◆ **WHAT IS REQUIRED**
Only those lines in the data below from the line containing "此功能適用于電子教科書和電子" through the line containing "在迎新现场,新生们在报到处核", both included, should be restated word for word.

◆ **DATA LISTING**
↓↓↓
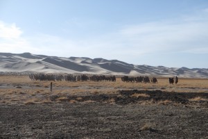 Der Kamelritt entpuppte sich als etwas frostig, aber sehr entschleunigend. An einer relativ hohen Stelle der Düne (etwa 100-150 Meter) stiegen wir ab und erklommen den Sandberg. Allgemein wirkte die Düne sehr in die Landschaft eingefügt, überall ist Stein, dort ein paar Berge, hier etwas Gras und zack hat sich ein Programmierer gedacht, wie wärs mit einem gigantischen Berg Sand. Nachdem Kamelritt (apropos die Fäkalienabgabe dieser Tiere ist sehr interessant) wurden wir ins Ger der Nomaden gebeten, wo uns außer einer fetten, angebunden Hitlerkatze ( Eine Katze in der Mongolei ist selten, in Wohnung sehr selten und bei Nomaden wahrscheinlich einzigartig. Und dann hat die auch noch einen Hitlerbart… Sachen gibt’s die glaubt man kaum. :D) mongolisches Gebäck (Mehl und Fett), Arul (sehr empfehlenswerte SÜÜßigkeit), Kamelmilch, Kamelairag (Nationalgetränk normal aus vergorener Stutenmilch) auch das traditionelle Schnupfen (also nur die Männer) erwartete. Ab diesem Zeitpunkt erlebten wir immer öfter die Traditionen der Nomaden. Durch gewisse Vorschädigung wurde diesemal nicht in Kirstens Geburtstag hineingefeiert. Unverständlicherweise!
↑↑↑
↓↓↓
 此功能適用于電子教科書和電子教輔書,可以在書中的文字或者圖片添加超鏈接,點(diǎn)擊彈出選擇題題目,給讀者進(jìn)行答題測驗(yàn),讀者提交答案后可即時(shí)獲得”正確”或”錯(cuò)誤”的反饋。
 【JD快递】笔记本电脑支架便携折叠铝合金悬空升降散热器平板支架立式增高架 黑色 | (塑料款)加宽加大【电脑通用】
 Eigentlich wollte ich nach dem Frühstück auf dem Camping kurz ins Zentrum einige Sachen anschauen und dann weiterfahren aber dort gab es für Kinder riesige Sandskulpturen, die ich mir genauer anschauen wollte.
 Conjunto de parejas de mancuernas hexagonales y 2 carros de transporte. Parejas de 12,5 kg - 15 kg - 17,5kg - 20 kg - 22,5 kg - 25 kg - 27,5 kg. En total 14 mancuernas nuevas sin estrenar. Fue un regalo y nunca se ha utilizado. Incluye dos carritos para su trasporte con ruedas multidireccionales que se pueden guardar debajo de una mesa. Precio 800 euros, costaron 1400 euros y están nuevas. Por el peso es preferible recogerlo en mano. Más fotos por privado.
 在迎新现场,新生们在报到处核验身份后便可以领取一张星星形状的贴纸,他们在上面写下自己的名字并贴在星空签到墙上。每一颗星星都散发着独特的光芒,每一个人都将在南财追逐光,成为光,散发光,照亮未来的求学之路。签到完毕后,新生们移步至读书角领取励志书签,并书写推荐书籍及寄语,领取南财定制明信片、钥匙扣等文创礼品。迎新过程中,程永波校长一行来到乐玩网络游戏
↑↑↑
◆ **ANSWER TO THE PROBLEM**
 此功能適用于電子教科書和電子教輔書,可以在書中的文字或者圖片添加超鏈接,點(diǎn)擊彈出選擇題題目,給讀者進(jìn)行答題測驗(yàn),讀者提交答案后可即時(shí)獲得”正確”或”錯(cuò)誤”的反饋。
 【JD快递】笔记本电脑支架便携折叠铝合金悬空升降散热器平板支架立式增高架 黑色 | (塑料款)加宽加大【电脑通用】
 Eigentlich wollte ich nach dem Frühstück auf dem Camping kurz ins Zentrum einige Sachen anschauen und dann weiterfahren aber dort gab es für Kinder riesige Sandskulpturen, die ich mir genauer anschauen wollte.
 Conjunto de parejas de mancuernas hexagonales y 2 carros de transporte. Parejas de 12,5 kg - 15 kg - 17,5kg - 20 kg - 22,5 kg - 25 kg - 27,5 kg. En total 14 mancuernas nuevas sin estrenar. Fue un regalo y nunca se ha utilizado. Incluye dos carritos para su trasporte con ruedas multidireccionales que se pueden guardar debajo de una mesa. Precio 800 euros, costaron 1400 euros y están nuevas. Por el peso es preferible recogerlo en mano. Más fotos por privado.
 在迎新现场,新生们在报到处核验身份后便可以领取一张星星形状的贴纸,他们在上面写下自己的名字并贴在星空签到墙上。每一颗星星都散发着独特的光芒,每一个人都将在南财追逐光,成为光,散发光,照亮未来的求学之路。签到完毕后,新生们移步至读书角领取励志书签,并书写推荐书籍及寄语,领取南财定制明信片、钥匙扣等文创礼品。迎新过程中,程永波校长一行来到乐玩网络游戏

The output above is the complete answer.